Set down, exactly as they stand, the lines from the one containing "Glass with chia" through the last line of the records below, leaving every picture out.

• RECORDS TO USE:
● ● ● ● ●
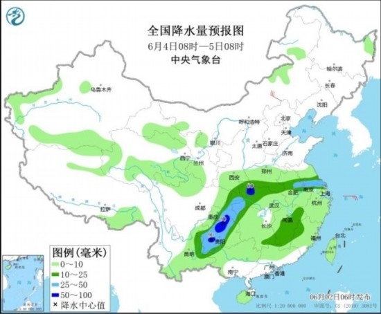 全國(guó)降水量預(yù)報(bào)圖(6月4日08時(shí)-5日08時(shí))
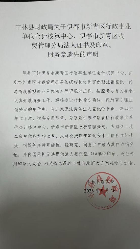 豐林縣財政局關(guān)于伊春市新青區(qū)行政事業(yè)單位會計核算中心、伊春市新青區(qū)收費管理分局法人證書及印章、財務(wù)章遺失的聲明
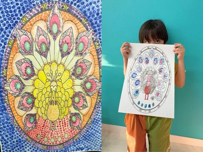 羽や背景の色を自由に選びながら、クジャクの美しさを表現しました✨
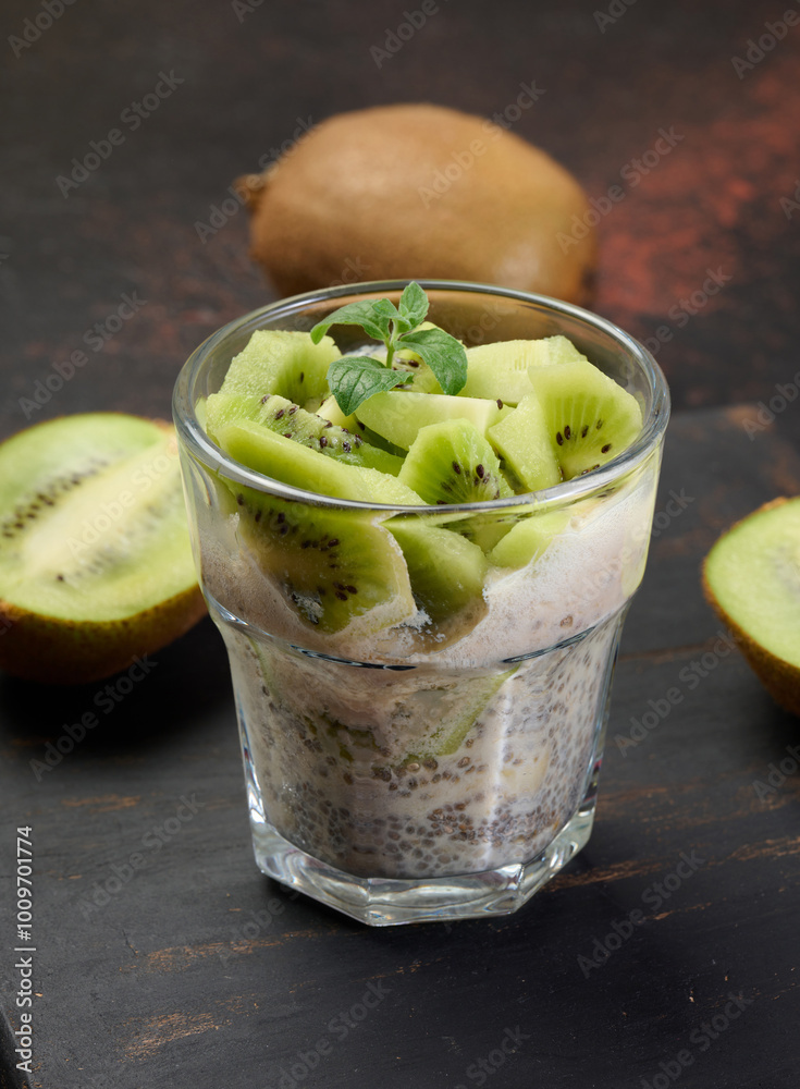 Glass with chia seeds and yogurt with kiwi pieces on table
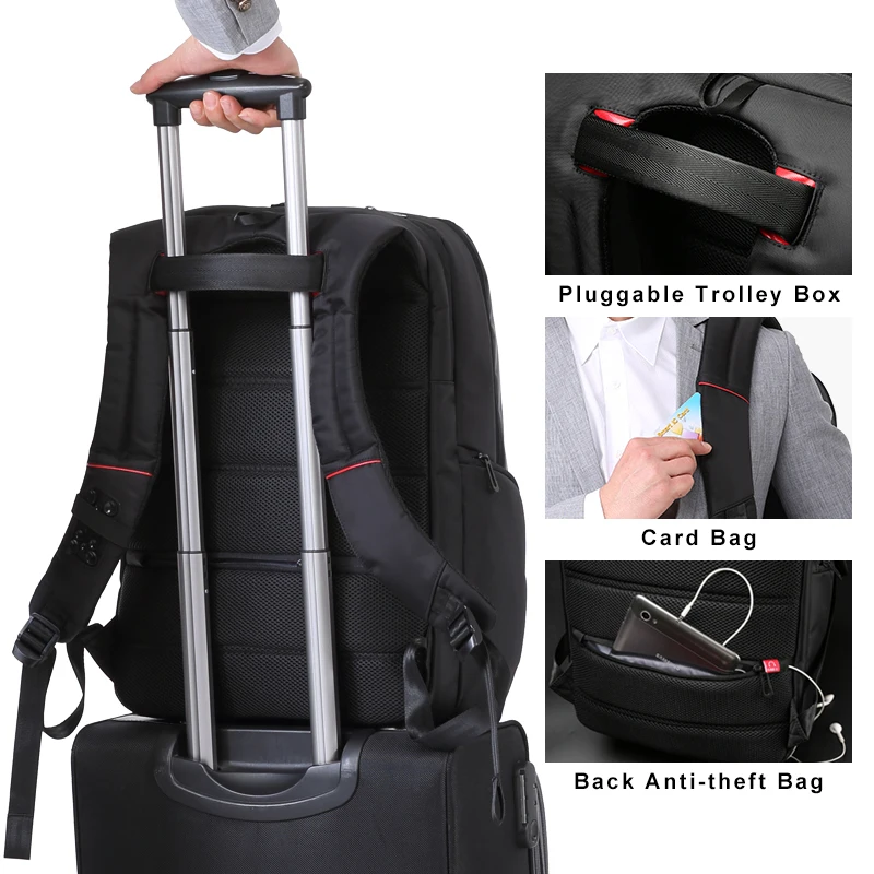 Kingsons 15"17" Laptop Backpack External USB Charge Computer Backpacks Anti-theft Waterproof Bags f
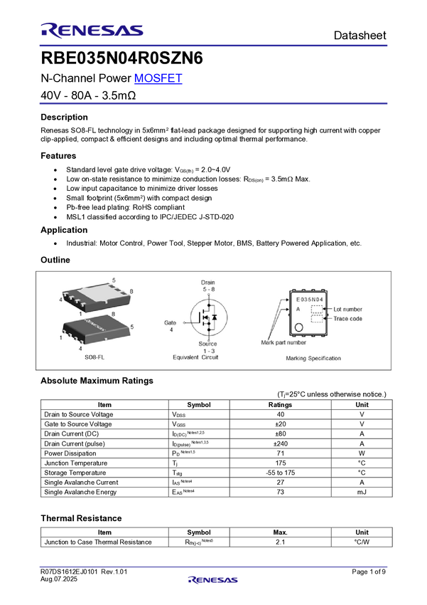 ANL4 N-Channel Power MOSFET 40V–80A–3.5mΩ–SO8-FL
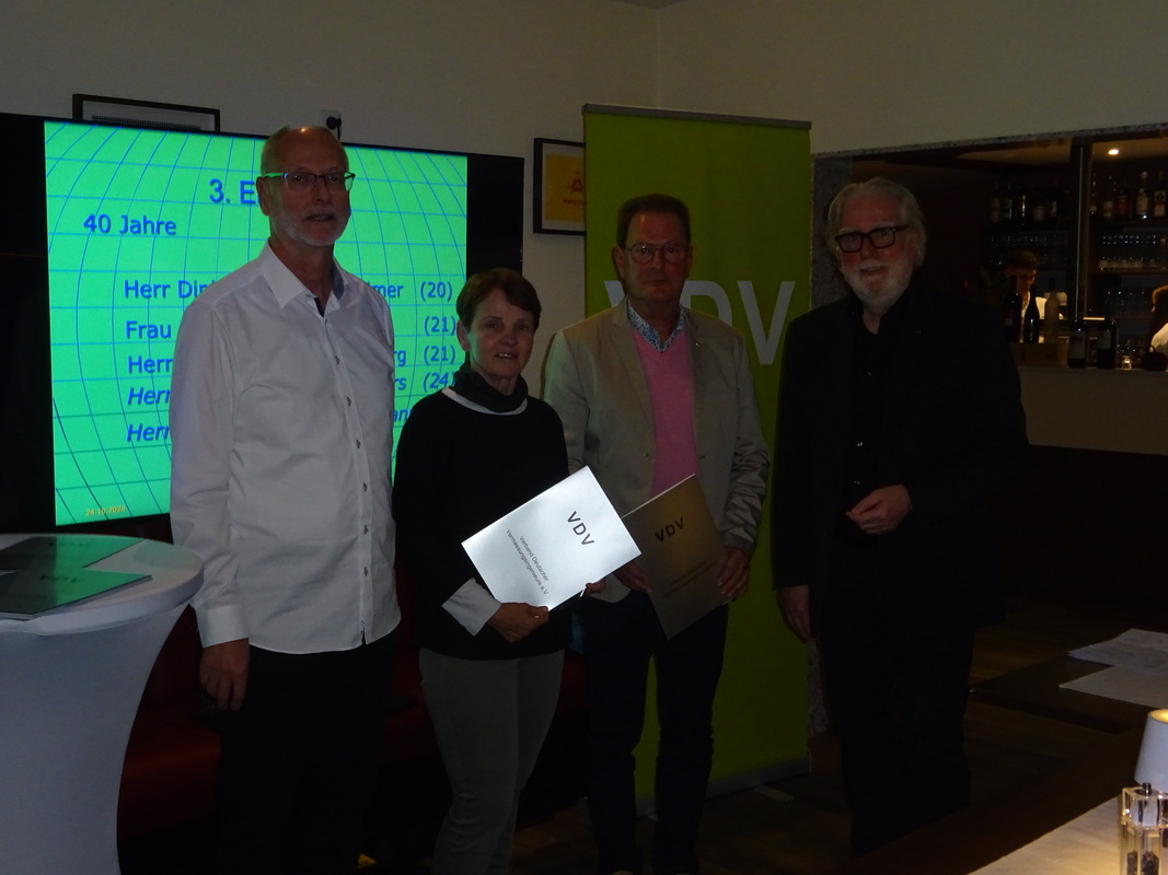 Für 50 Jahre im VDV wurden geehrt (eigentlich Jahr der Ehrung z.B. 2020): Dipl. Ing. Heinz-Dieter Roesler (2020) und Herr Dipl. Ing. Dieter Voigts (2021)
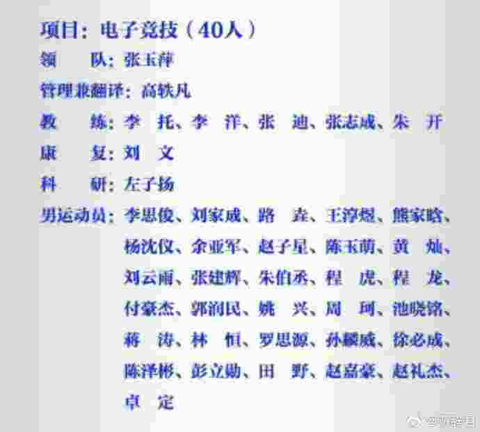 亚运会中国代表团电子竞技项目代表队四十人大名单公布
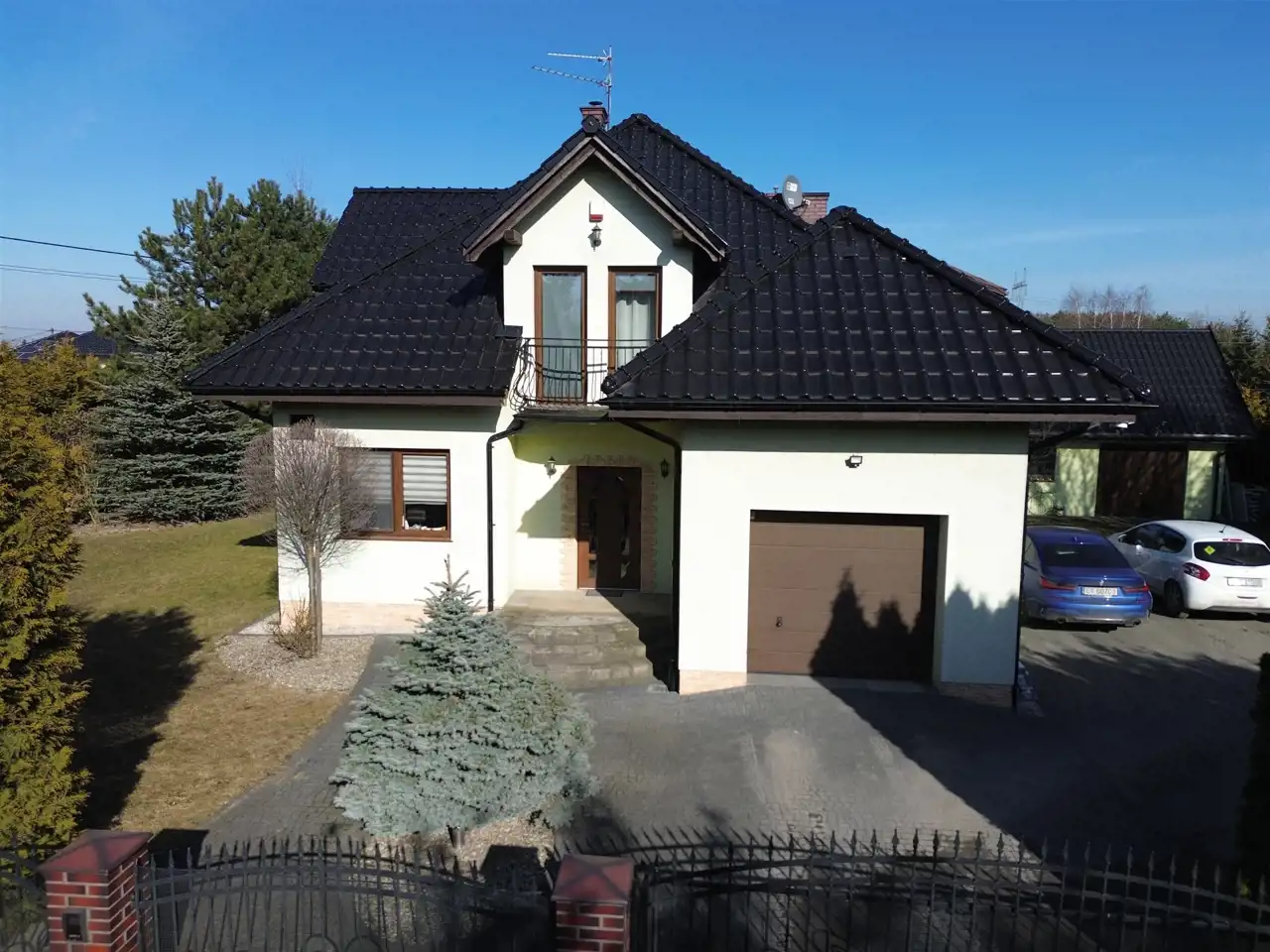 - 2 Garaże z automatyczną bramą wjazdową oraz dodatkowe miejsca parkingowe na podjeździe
● ● ● ● ●
• EXERCISE SOLUTION:
 Glass with chia seeds and yogurt with kiwi pieces on table
 Kingsons 15"17" Laptop Backpack External USB Charge Computer Backpacks Anti-theft Waterproof Bags f
 ANL4 N-Channel Power MOSFET 40V–80A–3.5mΩ–SO8-FL
 Für 50 Jahre im VDV wurden geehrt (eigentlich Jahr der Ehrung z.B. 2020): Dipl. Ing. Heinz-Dieter Roesler (2020) und Herr Dipl. Ing. Dieter Voigts (2021)
 亚运会中国代表团电子竞技项目代表队四十人大名单公布
 - 2 Garaże z automatyczną bramą wjazdową oraz dodatkowe miejsca parkingowe na podjeździe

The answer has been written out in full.